SOURCE INFORMATION section start

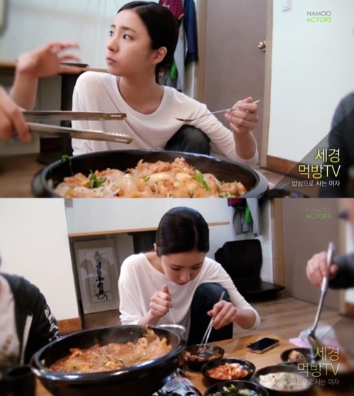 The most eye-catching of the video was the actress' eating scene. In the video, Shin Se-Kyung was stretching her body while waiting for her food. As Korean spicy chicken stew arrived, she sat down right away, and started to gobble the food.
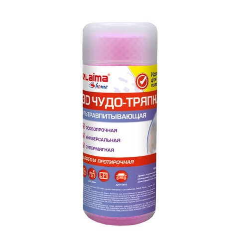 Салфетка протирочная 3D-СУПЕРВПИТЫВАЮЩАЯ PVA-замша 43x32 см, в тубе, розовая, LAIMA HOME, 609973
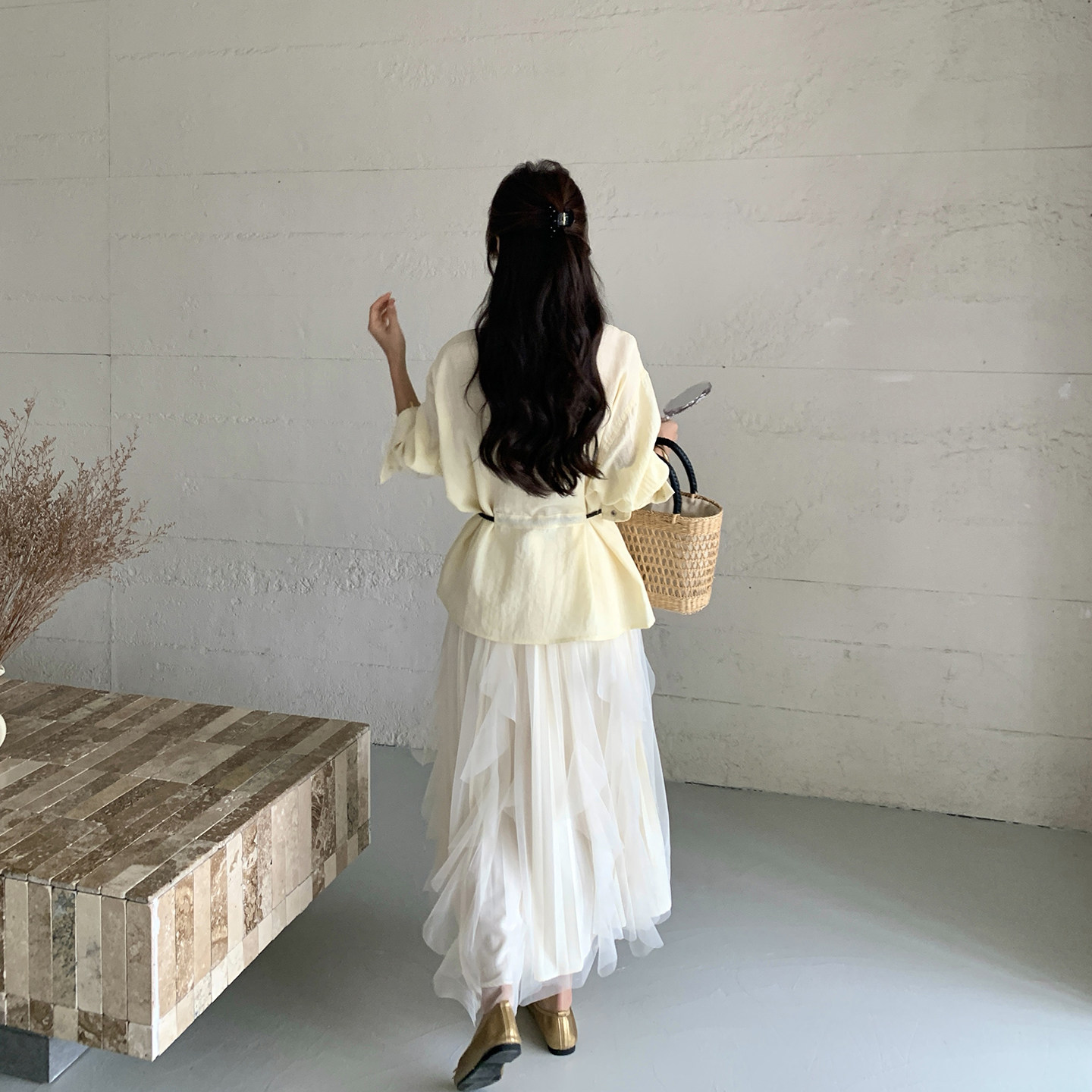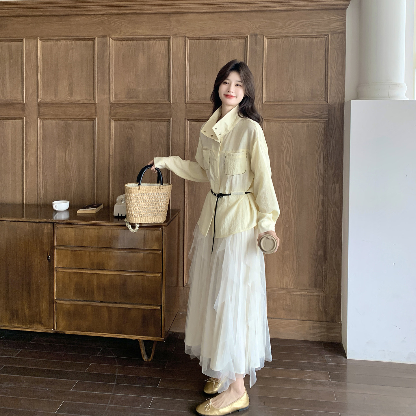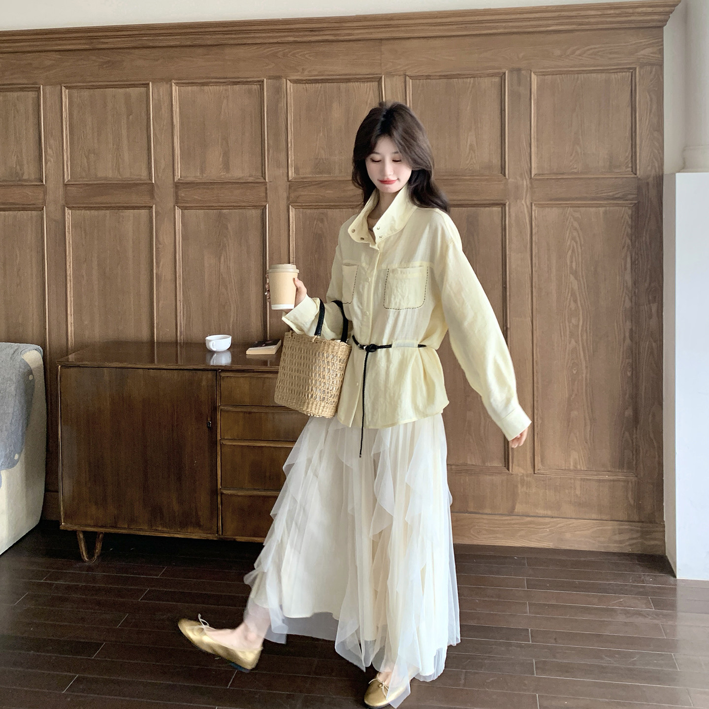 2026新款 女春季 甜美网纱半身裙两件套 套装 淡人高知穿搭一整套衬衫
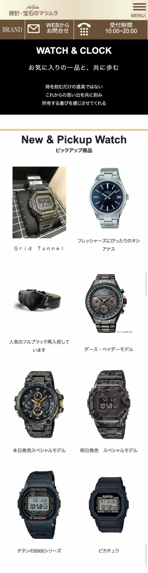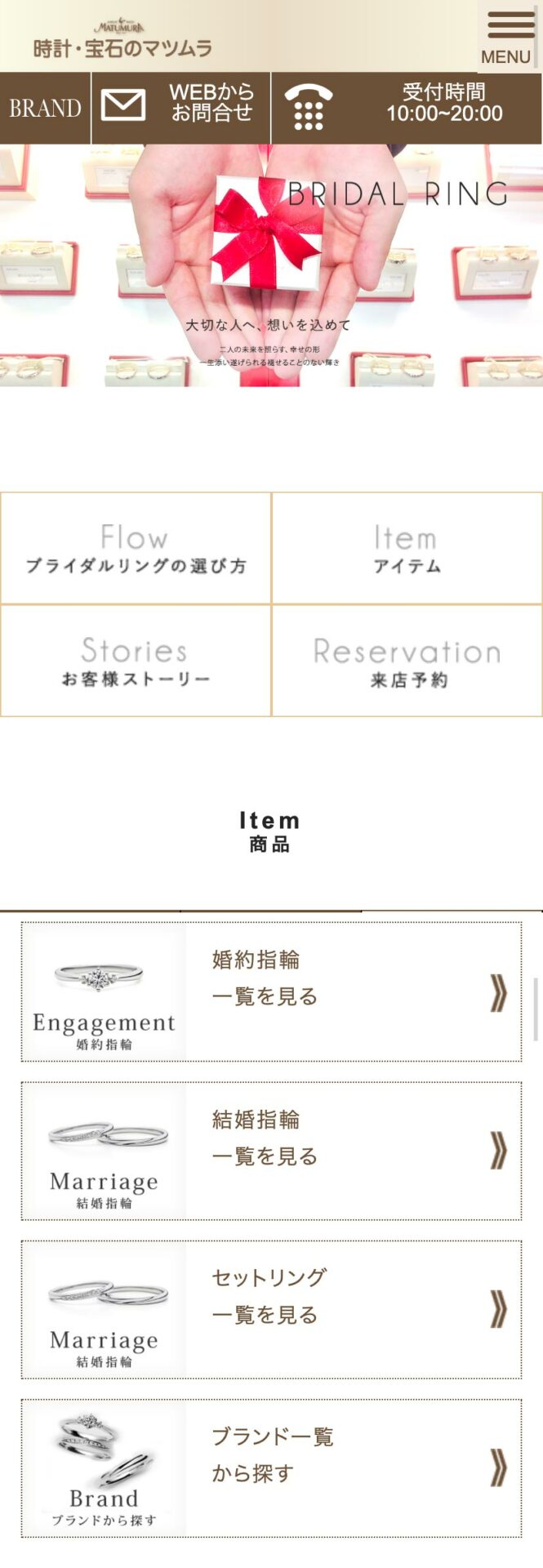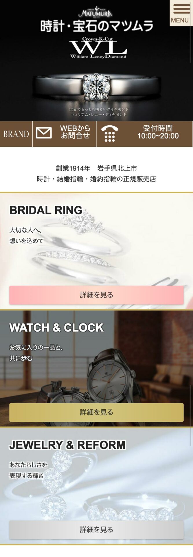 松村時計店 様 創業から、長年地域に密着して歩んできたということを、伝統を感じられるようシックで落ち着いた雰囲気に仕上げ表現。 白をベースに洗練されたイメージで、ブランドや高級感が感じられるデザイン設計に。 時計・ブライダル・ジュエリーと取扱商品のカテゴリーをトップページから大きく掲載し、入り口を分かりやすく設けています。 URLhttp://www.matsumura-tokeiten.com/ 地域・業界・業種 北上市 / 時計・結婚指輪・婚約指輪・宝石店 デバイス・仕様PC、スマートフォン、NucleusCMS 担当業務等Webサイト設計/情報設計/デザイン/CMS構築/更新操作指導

SOURCE INFORMATION section end
SOURCE INFORMATION section start

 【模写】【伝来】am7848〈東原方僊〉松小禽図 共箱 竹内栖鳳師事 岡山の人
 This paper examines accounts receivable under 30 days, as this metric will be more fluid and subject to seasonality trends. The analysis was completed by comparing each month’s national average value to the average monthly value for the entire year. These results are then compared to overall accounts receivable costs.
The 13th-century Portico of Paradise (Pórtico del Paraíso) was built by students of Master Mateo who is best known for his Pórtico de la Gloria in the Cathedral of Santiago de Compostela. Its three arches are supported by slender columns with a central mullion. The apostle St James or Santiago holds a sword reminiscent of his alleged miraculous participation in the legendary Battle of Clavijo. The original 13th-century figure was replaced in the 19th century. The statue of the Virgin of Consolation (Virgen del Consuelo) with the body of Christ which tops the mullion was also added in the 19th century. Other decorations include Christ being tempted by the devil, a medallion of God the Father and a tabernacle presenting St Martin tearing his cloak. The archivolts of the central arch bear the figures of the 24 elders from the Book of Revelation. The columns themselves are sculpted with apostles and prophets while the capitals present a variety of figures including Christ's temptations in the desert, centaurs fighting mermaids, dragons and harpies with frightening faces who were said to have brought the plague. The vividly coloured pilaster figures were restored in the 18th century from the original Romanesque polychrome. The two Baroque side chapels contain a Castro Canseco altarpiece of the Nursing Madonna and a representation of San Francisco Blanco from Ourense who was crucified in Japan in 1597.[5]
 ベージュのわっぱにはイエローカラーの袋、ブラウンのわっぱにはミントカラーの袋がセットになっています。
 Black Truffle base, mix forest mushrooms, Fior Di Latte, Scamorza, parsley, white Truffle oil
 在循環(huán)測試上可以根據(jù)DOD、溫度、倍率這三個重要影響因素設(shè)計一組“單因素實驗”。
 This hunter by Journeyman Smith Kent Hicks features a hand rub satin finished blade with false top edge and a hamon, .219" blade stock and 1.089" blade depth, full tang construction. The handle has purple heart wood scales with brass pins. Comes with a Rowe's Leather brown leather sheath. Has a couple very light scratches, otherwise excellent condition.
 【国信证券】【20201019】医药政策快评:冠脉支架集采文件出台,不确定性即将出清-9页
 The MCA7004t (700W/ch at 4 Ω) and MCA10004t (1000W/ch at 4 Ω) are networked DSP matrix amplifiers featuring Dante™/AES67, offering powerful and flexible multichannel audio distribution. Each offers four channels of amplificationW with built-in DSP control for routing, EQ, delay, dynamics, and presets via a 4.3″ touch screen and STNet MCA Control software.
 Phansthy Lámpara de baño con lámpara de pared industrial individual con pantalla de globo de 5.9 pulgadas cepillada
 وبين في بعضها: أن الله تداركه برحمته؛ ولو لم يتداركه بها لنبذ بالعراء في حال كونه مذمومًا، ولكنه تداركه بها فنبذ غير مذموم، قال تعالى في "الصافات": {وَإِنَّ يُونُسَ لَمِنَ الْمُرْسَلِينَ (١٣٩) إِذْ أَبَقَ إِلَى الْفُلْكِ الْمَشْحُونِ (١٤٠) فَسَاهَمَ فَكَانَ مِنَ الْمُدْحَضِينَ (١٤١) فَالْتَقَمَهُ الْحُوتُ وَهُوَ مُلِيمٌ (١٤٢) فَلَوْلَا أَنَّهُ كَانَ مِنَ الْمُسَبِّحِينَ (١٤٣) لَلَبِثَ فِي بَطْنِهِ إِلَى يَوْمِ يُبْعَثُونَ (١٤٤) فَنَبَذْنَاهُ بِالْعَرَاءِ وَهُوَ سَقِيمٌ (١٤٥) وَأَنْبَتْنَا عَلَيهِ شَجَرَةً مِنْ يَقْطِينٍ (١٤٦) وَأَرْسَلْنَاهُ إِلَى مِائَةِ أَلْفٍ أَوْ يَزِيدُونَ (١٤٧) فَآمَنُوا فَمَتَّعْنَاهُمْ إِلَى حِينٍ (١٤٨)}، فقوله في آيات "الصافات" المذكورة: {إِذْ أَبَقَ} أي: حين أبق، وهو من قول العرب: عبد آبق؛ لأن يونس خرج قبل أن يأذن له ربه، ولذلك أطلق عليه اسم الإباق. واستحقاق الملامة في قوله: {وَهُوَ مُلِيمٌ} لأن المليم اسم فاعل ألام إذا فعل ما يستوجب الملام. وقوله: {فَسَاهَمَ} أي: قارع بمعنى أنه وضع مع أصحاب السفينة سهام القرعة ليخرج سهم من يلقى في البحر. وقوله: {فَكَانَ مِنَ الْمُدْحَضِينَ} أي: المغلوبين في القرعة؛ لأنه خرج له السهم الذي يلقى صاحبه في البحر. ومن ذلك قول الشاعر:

SOURCE INFORMATION section end

### PROBLEM
Starting at the line above that contains "共箱 竹内栖鳳師事 岡山の人", write out each line exactly until the line that contains "This paper examines" has been written, and stop there.

### SOLUTION TO THIS EXERCISE
 【模写】【伝来】am7848〈東原方僊〉松小禽図 共箱 竹内栖鳳師事 岡山の人
 This paper examines accounts receivable under 30 days, as this metric will be more fluid and subject to seasonality trends. The analysis was completed by comparing each month’s national average value to the average monthly value for the entire year. These results are then compared to overall accounts receivable costs.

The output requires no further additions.